The intermediate transformation from norlaudanosine (6) to prestephanine (10) is not entirely clear, and a potential role for the cytochrome P450 enzyme CYP80G2 has been suggested, as CYP80G2 catalyzes the intramolecular C-C phenol coupling of several benzyltetrahydroisoquinolines.[15] Certainly, feeding A. bracteata (±)‑[5′,8‑3H2; 6-methoxy‑14C]-nororientaline generates doubly labeled AA-I; and cleavage of the AA-I methylenedioxy group demonstrates that it arose from the o‑methoxyphenol segment of the nororientaline tetrahydroisoquinoline ring. (±)‑[5′,8‑3H2]‑Orientaline (7) is also incorporated into AA-I, and metabolism of orientaline to prestephanine is known to occur via the proaporphines orientalinone (8) and orientalinol (9) in a Zincke-Suhl-like addition.[16]

Symptoms and diagnosis

Exposure to aristolochic acid is associated with a high incidence of uroepithelial tumorigenesis,[17] and is linked to urothelial cancer.[18][19] Since aristolochic acid is a mutagen, it does damage over time. Patients are often first diagnosed with aristolochic acid nephropathy (AAN), which is a rapidly progressive nephropathy and puts them at risk for renal failure and urothelial cancer. However, urothelial cancer is only observed long after consumption. One study estimated, on average, detectable cancer develops ten years from the start of daily aristolochic acid consumption.[6]

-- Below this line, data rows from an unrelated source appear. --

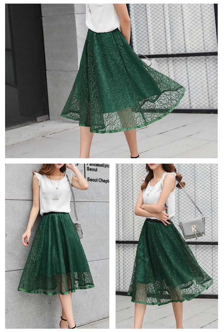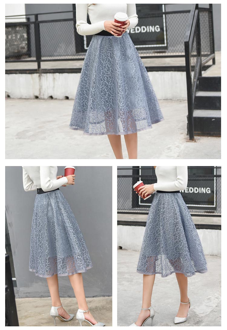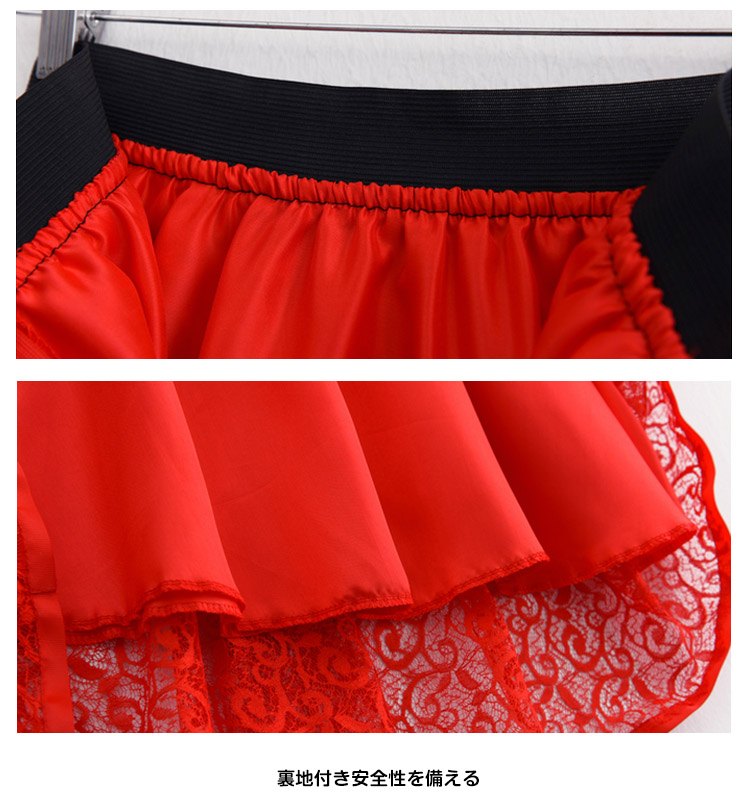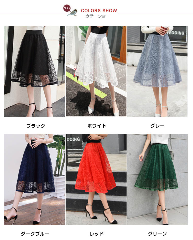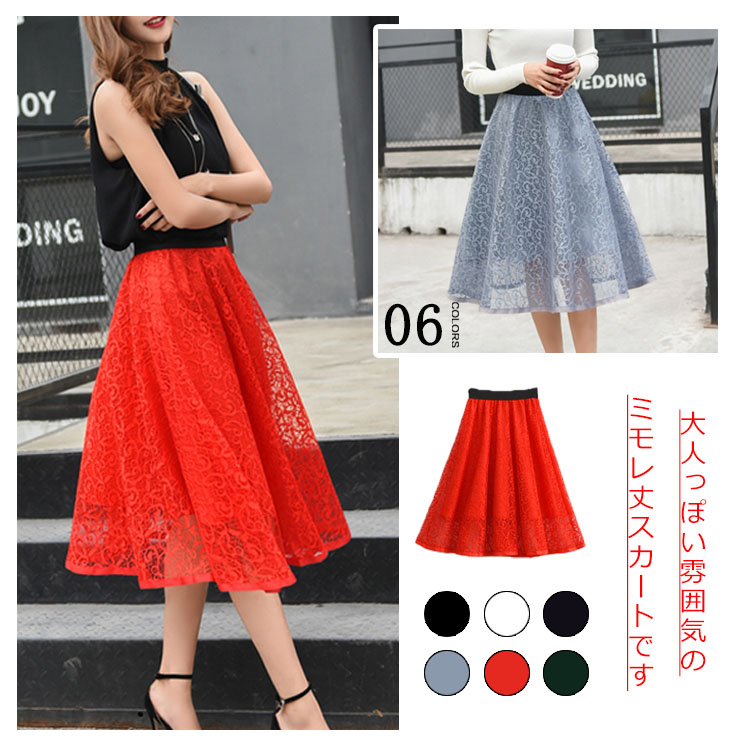 | 大人っぽい雰囲気のミモレ丈スカートですウエストゴムで楽に穿けますレースが華やかさを演出し、オケージョンシーンでも活躍しますこれからの季節におすすめです | |
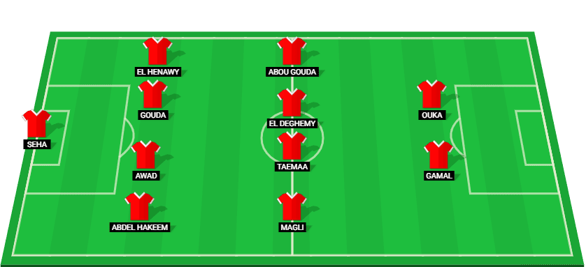 Seha (GK), Abdel Hakeem (DF), Awad (DF), Gouda (DF), El Henawy (DF), Magli (MF), Taemaa (MF), El Deghemy (MF), Abou Gouda (MF), Gamal (FW), Ouka (FW).
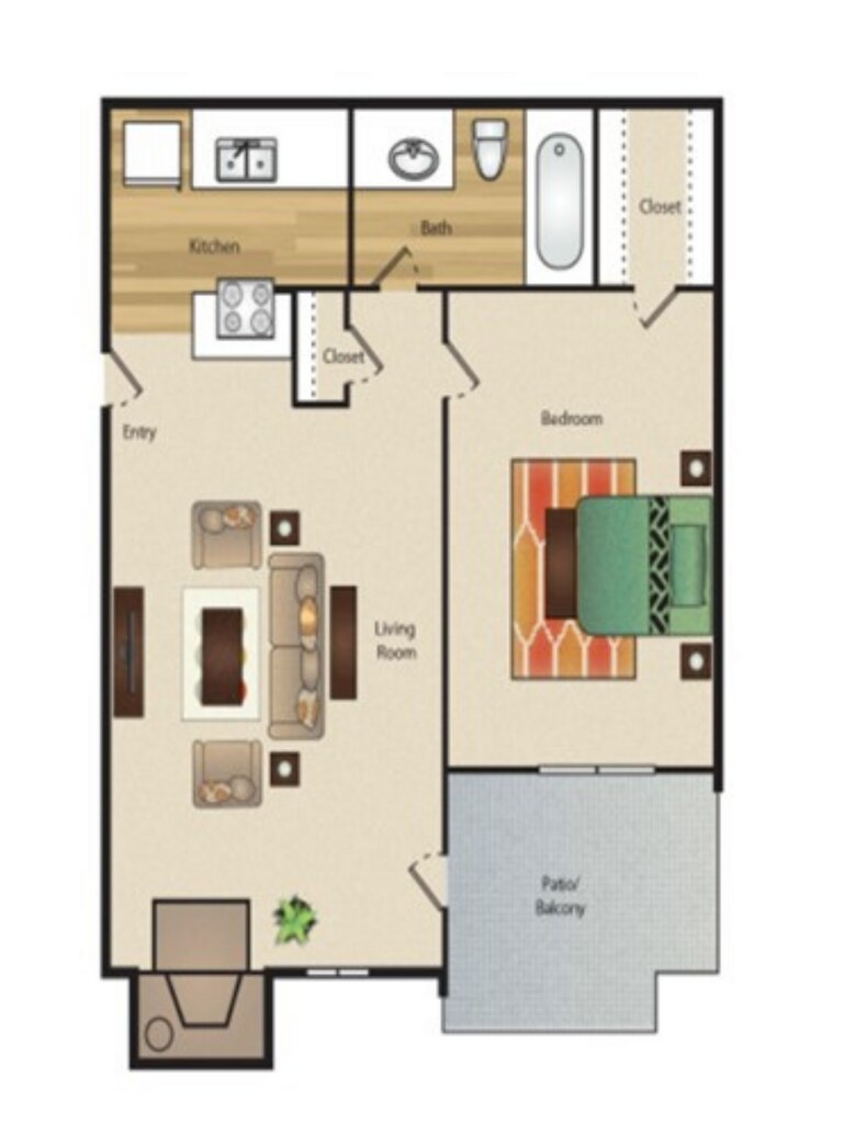 Apartment Model: A2 Gold$8751 Bedroom, 1 Bath, 530 sq ftAvailable Now![]()
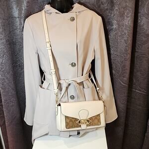 Elegant and versatile Coach shoulder bag in classic signature jacquard canvas with smooth white leather trim and gold hardware. Designed for everyday wear with a chic, polished look.
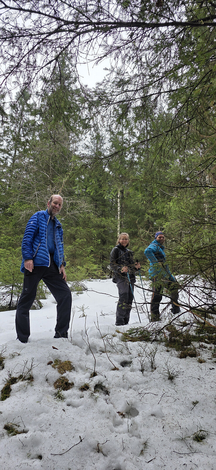 Skog, kløfter, våt og glatt snø som etterhvert fylte opp skoa med kaldt vann og surklete lyd for hvert skritt! Fine folk gjorde det til en fin tur, men det var dagens høydepunkt sammen med det å være på tur igjen ❤️
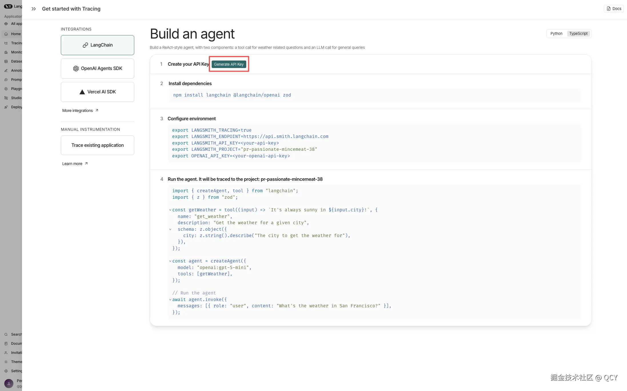 - **追踪监控**:LangSmith 用于 API 调用追踪
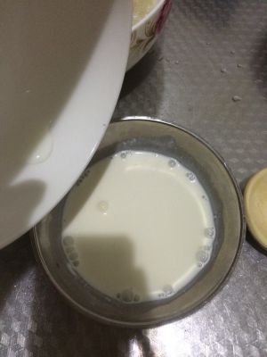 蛋黄、低筋面粉和之前搅拌均匀的奶液搅拌充分,用滤网滤过,蛋挞液就准备好了
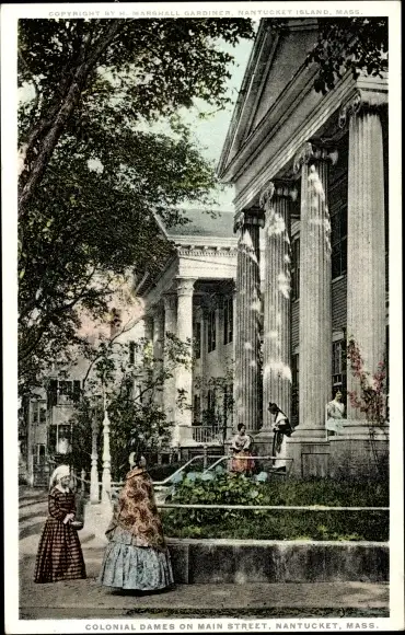 Ak Nantucket Massachusetts USA, Kolonialdamen auf der Main Street

A patient thought to have AAN can be confirmed through phytochemical analysis of plant products consumed and detection of aristolactam DNA adducts in the renal cells. (Aristolochic acid is metabolised into aristolactam.) Additionally, mutated proteins in renal cancers as a result of transversion of A:T pairings to T:A are characteristically seen in aristolochic acid-induced mutations. In some cases, early detection resulting in cessation of aristolochia-product consumption can lead to reverse of the kidney damage.[7][20]

Pharmacology

Absorption, distribution, metabolism, and excretion

Once orally ingested, aristolochic acid I is absorbed through the gastrointestinal tract into the blood stream.[7] It is distributed throughout the body via the blood stream.[7]

Aristolactam I has R1=R2=H, R3=OMe; several other related natural products with R groups of H, OH or OMe are known

Aristolochic acids are metabolized by oxidation and reduction pathways, or phase I metabolism. Reduction of aristolochic acid I produces aristolactam I[21] which has been observed in the urine. Further processing of aristolactam I by O-demethylation results in aristolactam Ia, the primary metabolite.[7][22] Additionally, nitroreduction results in an N-acylnitrenium ion, which can form DNA-base adducts, thus giving aristolochic acid I its mutagenic properties.[6][7][22]

Aristolactam I adducts that are bound to DNA are extremely stable; they have been detected in patient biopsy samples taken 20 years after exposure to plants containing aristolochic acid.[23]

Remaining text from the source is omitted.